Could you restate the whole listing below word for word, minus the pictures?

▶ _Information provided_:
###

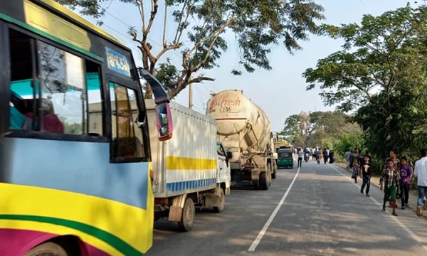 সড়ক অবরোধ করলে সড়কের দুই পাশে শত শত যানবাহন আটকা পড়ে।
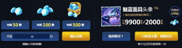 1.在活动页面上使用Q币充值钻石,5Q币充值50钻石。在游戏客户端购买并使用期限头像“魅蓝面具”,赠送150钻石,单个大区头像只限购买一次。充值的钻石会在页面上显示。
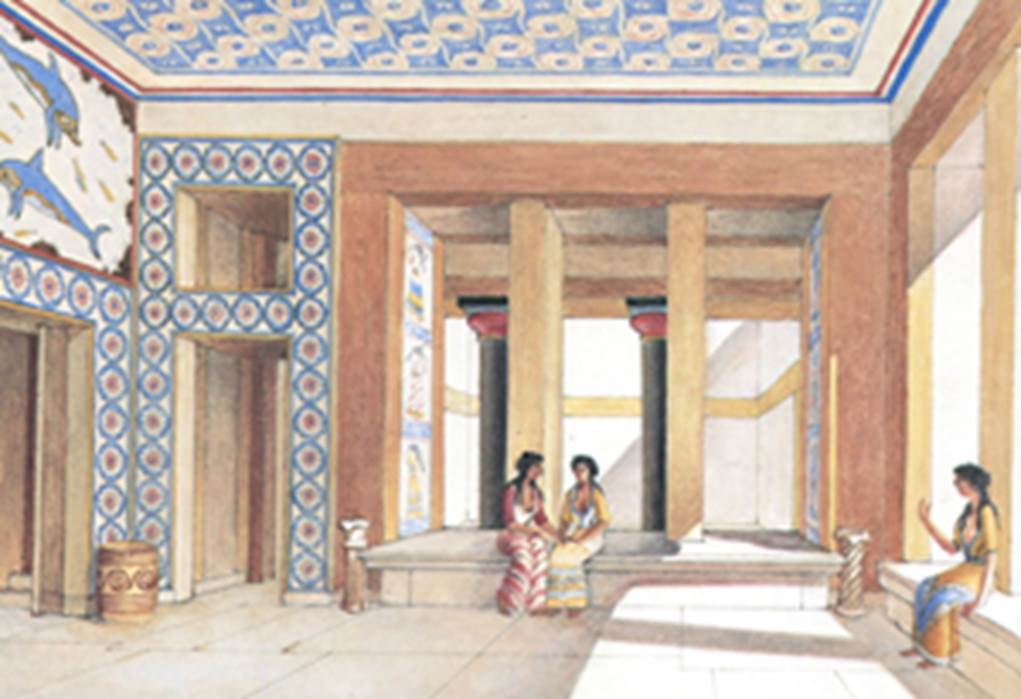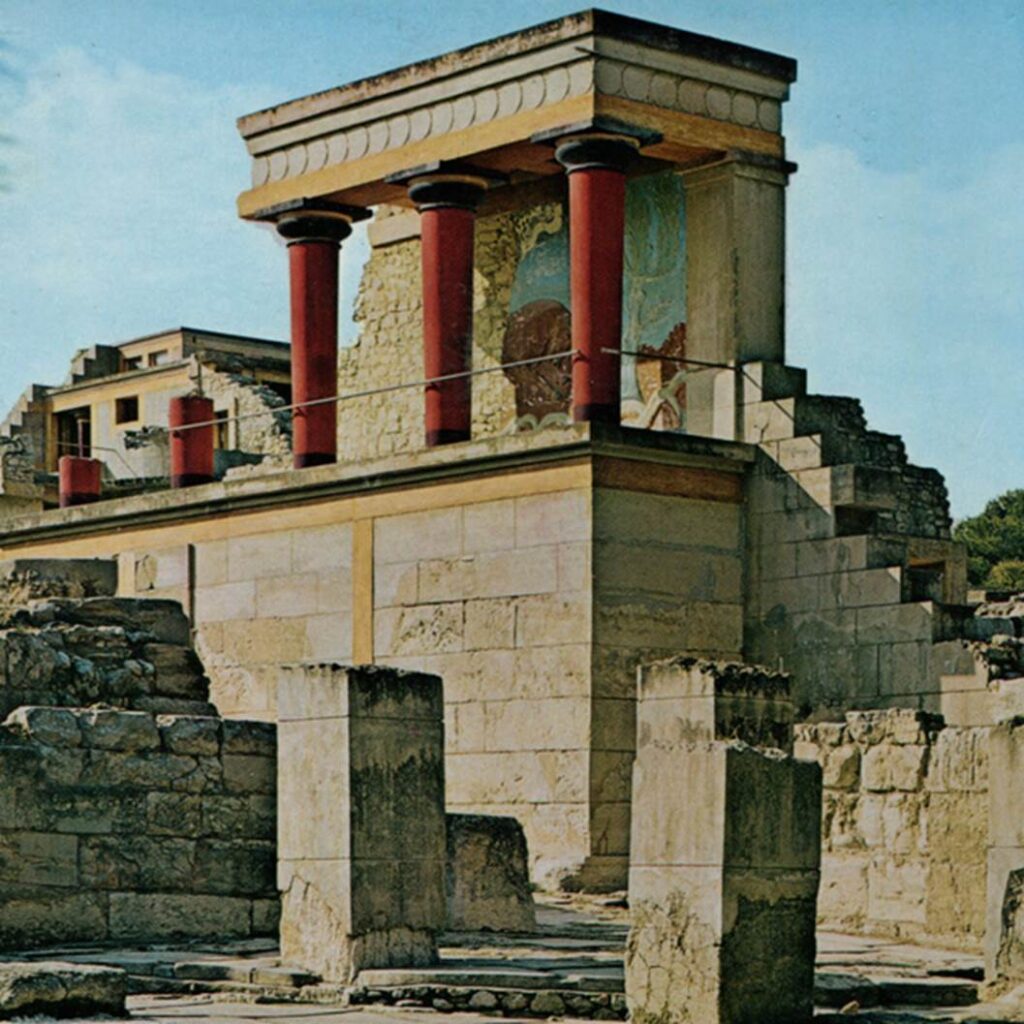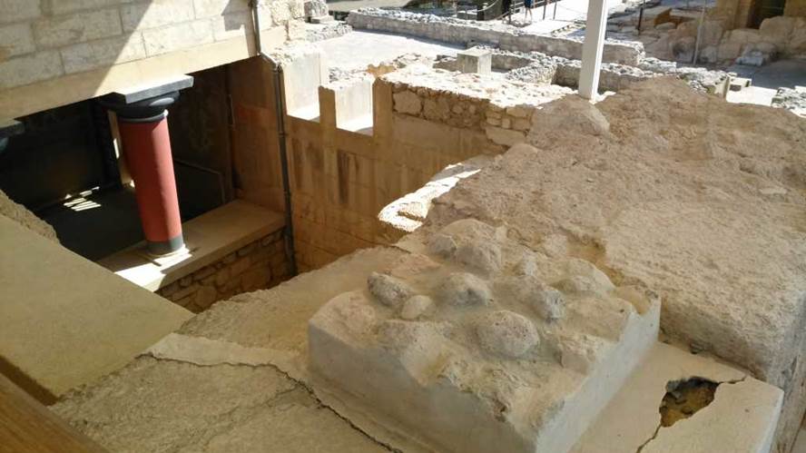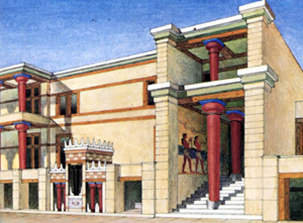 この初代宮殿は紀元前1700年頃の大地震で破壊され、その後再建された新宮殿も紀元前1380年頃の火災(諸説あり)で滅亡に追い込まれたとされる。

###

▶ _Output for this exercise_:
 সড়ক অবরোধ করলে সড়কের দুই পাশে শত শত যানবাহন আটকা পড়ে।
 1.在活动页面上使用Q币充值钻石,5Q币充值50钻石。在游戏客户端购买并使用期限头像“魅蓝面具”,赠送150钻石,单个大区头像只限购买一次。充值的钻石会在页面上显示。
 この初代宮殿は紀元前1700年頃の大地震で破壊され、その後再建された新宮殿も紀元前1380年頃の火災(諸説あり)で滅亡に追い込まれたとされる。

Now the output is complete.